Last year, leading companies including OpenAI, Google, Microsoft and Meta signed a voluntary pledge that requires them to develop tools to help the public detect AI-generated images. But tech executives are skeptical about the project.
“I received mixed answers from Big Tech,” Věra Jourová, a top European Union official, told The Post at an Atlantic Council event. “Some platforms told me this was impossible.”
The inability to detect AI-generated images can have real-world consequences. In late July, an image of a Sikh man urinating into a cup at a Canadian gas station went viral on X, fueling anti-immigrant rhetoric. But according to a post on X, the owner of the gas station claimed the incident never happened.
The Post uploaded the image into a popular deepfake detection tool from the nonprofit AI company TrueMedia. The image was labeled as having “little evidence of manipulation,” indicating it may be real.
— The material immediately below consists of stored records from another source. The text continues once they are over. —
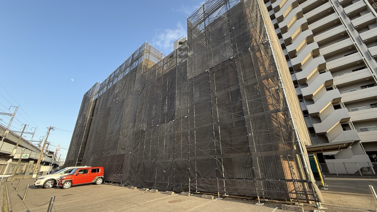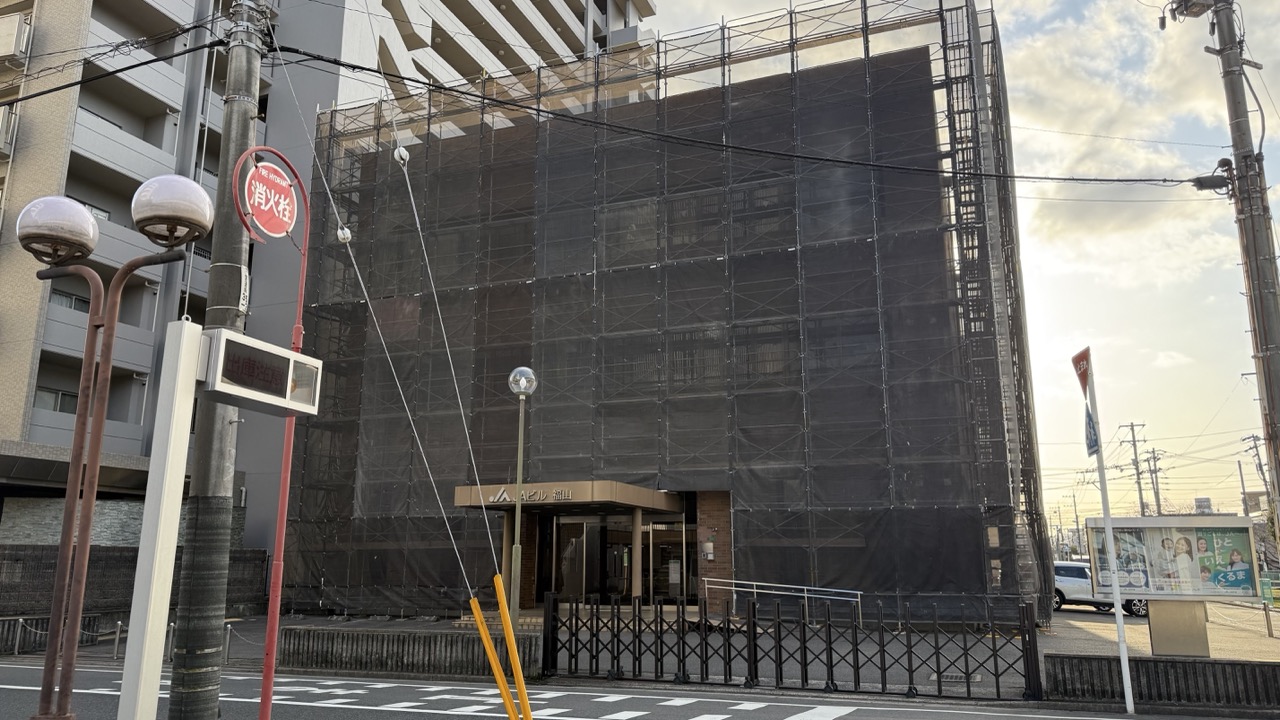 2026年2月28日に「JAビル 福山」の様子を見に行くと、建物付近に足場が設置されていました。
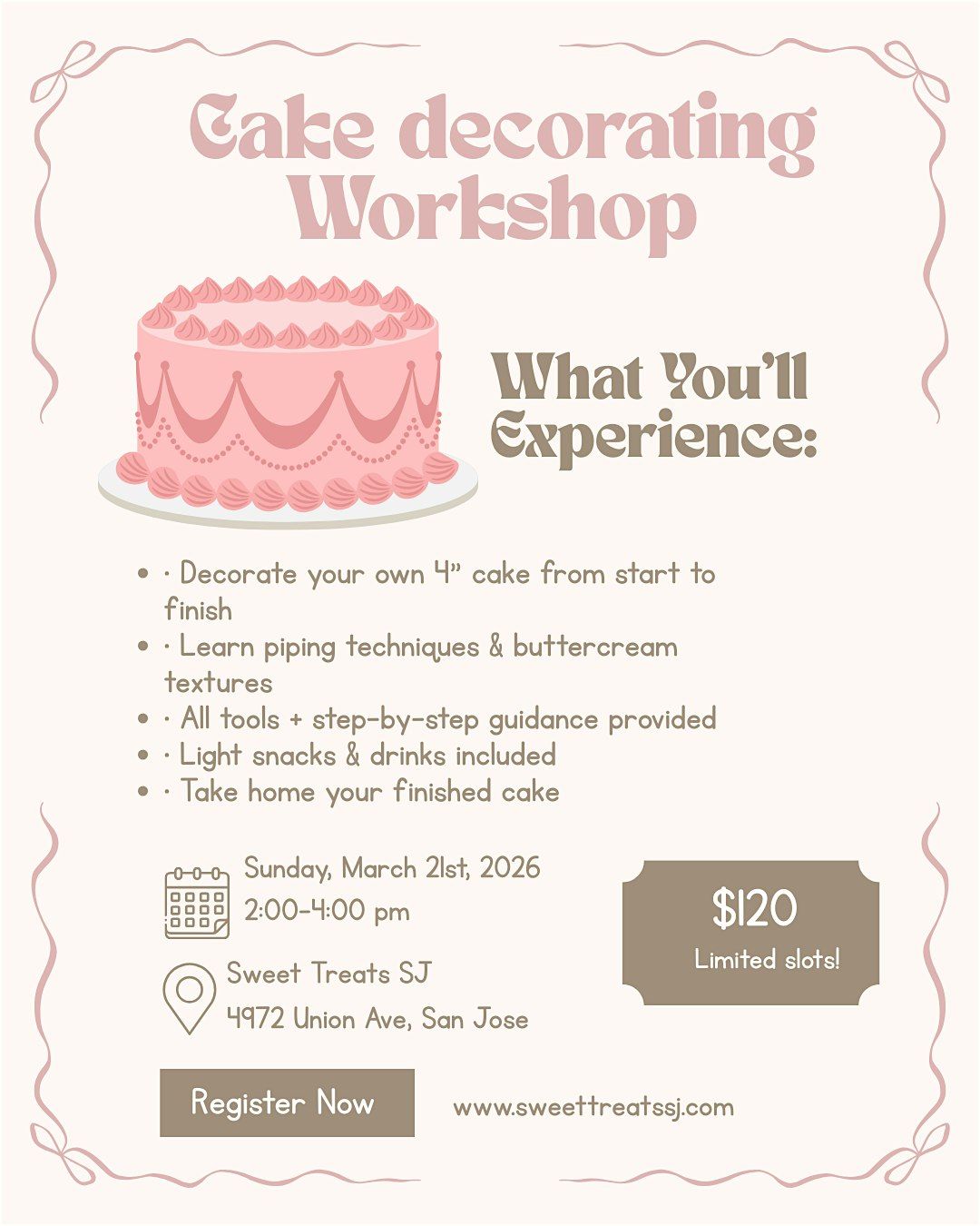 In this 2-hour in person hands-on workshop, you’ll decorate your own 4” cake from start to finish while learning piping techniques and buttercream textures in a relaxed, supportive setting.
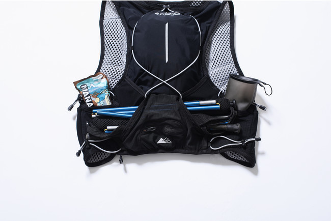 HydraPak(R) 500ml SOFTFLASK 2本付属/本体に通気性に優れたオープンエアメッシュを使用/カスタマイズ調整可能なバンジ一ストラップ/正面左胸にストレッチジッパー ポケット/正面にストレッチメッシュを採用したマルチポケット/調整可能なサイドコンプレッションシステム/背面にジッパー付きリザーバーコンパートメント/背面全体に大きなストレッチメッシュポケット/背面底部にキークリップ付きセキュリティーポケット/背面底部にポールホルダー /レスキューホイッスル付き/リフレクターロゴプリント
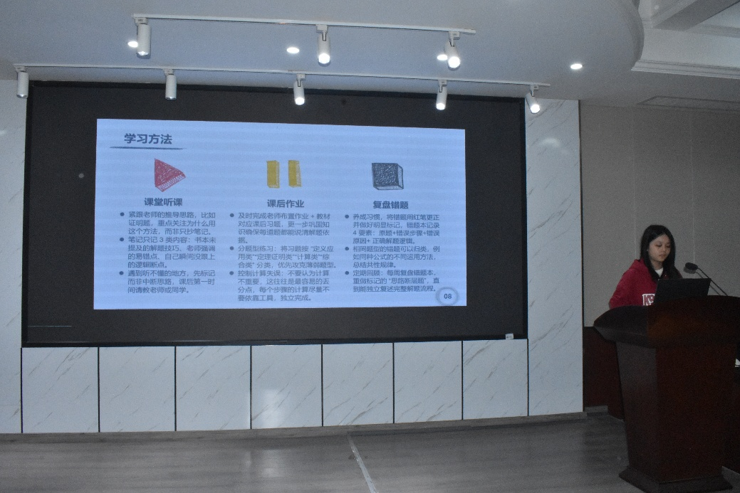分享环节中,戴翌婷同学精准列举高数学习中的常见通病,结构化梳理核心学习方法,还分享了个人笔记与学习心态调节经验,并推荐优质学习资料;宾芬同学详细拆解自身高数学习方法,给出“重视计算基础、避免孤立做题”的避坑建议,总结出“读中学、问中学、动中学、练中学”的学习经验;杨瑞同学以《高数经验分享:大一不踩坑》为主题,阐明高数学习的重要性,强调以三段式刷题节奏实现“精做”的核心原则,还分享了考前冲刺的复习方案。

Later, The Post received an email saying a human analyst at the company had found “substantial evidence of manipulation.” Oren Etzioni, founder of TrueMedia, said its AI detectors are “not 100 percent accurate” and rely on human analysts to review results. Corrected results are used to “further train the AI detectors and improve performance,” he said.
Farid said such inconsistent results are dangerous because people are “weaponizing” them to alter society’s concept of reality.
“It’s making it so that we don’t trust or believe anything or anybody,” he said. “It’s a free-for-all now.”